In this case, Heavener testified that he refinanced his home with Quicken Loans in order to pay off his existing Bank of America mortgage, lower his monthly payment, and obtain extra money to pay off some of his debt at a higher interest rate. Heavener obtained more than $11,000 in additional money to pay off some of his debt, and Heavener specifically wanted an interest-only loan period that would permit him to pay off existing debt and lower his monthly payments. Additionally, although Heavener is paying for ten years on an interest-only loan, he was informed that he would not be subject to prepayment charges.
Heavener has also failed to point to any evidence that the agreement contained unfair terms. Although Quicken Loans charges Heavener a "finance charge," it is permitted by West Virginia law and Heavener was provided with disclosures informing him of the finance charge. Also, Heavener contends that his home was appraised far in excess of its value. However, in support of this argument, Heavener has attached only the 2007 tax records indicating an assessment value of the property. A property's market value is not the same as a property's assessment value. Heavener has presented no evidence that Quicken Loans' appraised value of the home was in excess of its market value. See Hardy Storage Co., LLC v. Prop. Interests Necessary to Conduct Gas Storage Operations, No. 2:07-CV-5, 2009 WL 689054, *6 (N.D.W. Va. Mar. 9, 2009) (citing United States v. Certain Parcels of Land, 261 F.2d 287, 291 (4th Cir. 1958)) ("Land owners cannot submit tax assessments as evidence of a property's fair market value."). Therefore, Heavener has failed to produce more than a mere scintilla of evidence that the loan was substantively unconscionable.
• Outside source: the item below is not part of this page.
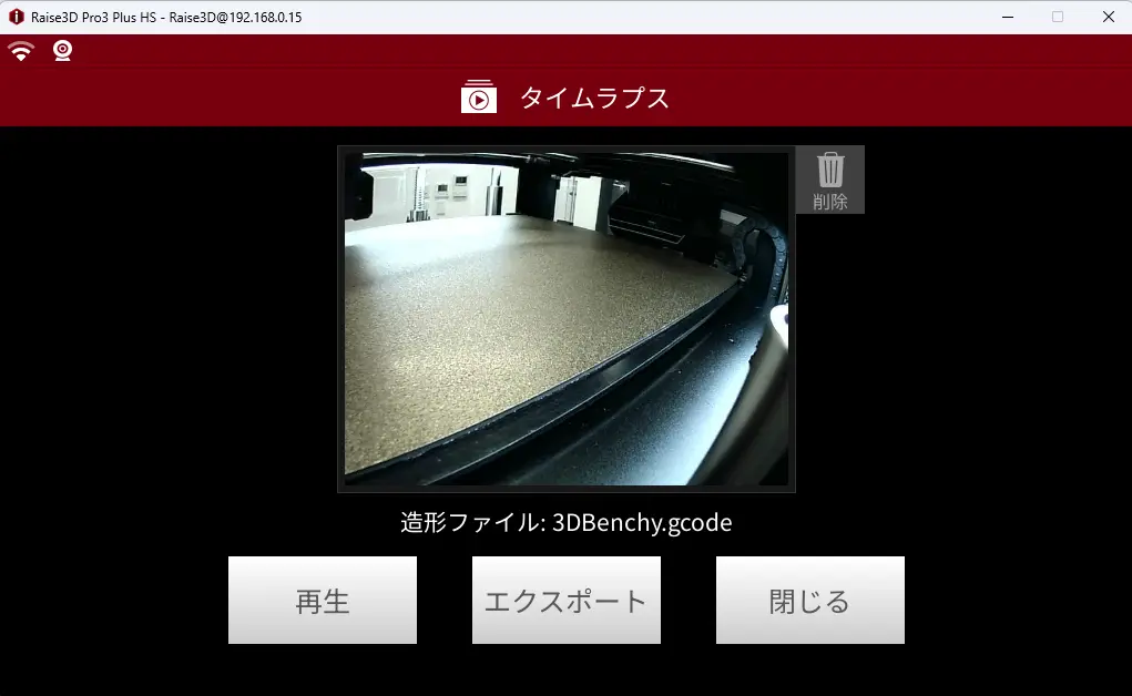 タイムラプスはコマ送りで造形状況の撮影、記録ができる機能です。

Upon review of this case, "the plain language of 56(c) mandates the entry of summary judgment" against Plaintiff Heavener because he failed to "make a showing sufficient to establish the existence of an element essential to [his] case." Cray Commc'ns, Inc. v. Novatel Computer Sys., Inc., 33 F.3d 390, 393 (4th Cir. 1994). First, Heavener presented no evidence that Quicken Loans represented to him that the loan was for a five year interest only period rather than a ten year interest only period. Second, Heavener presented no evidence of a gross inadequacy in bargaining power. Third, Heavener presented no evidence of terms unreasonably favorable to Quicken Loans. In sum, Heavener has not presented a single affidavit, deposition, answer to an interrogatory, or admission on file. Therefore, Heavener failed to "satisfy [his] burden of production under Rule 56, as interpreted in Celotex and its progeny." Cray Commc'ns, Inc., 33 F.3d at 394. Accordingly, the Court GRANTS Defendant Quicken Loans' motion for summary judgment
VI. Conclusion
For the foregoing reasons, this Court hereby GRANTS Defendant Quicken Loans' Motion for Summary Judgment. Accordingly, the Court DIRECTS the Clerk to terminate Quicken Loans as a party to this action.
It is so ORDERED.
The Clerk is directed to transmit copies of this Order to all counsel of record and/or pro se parties herein.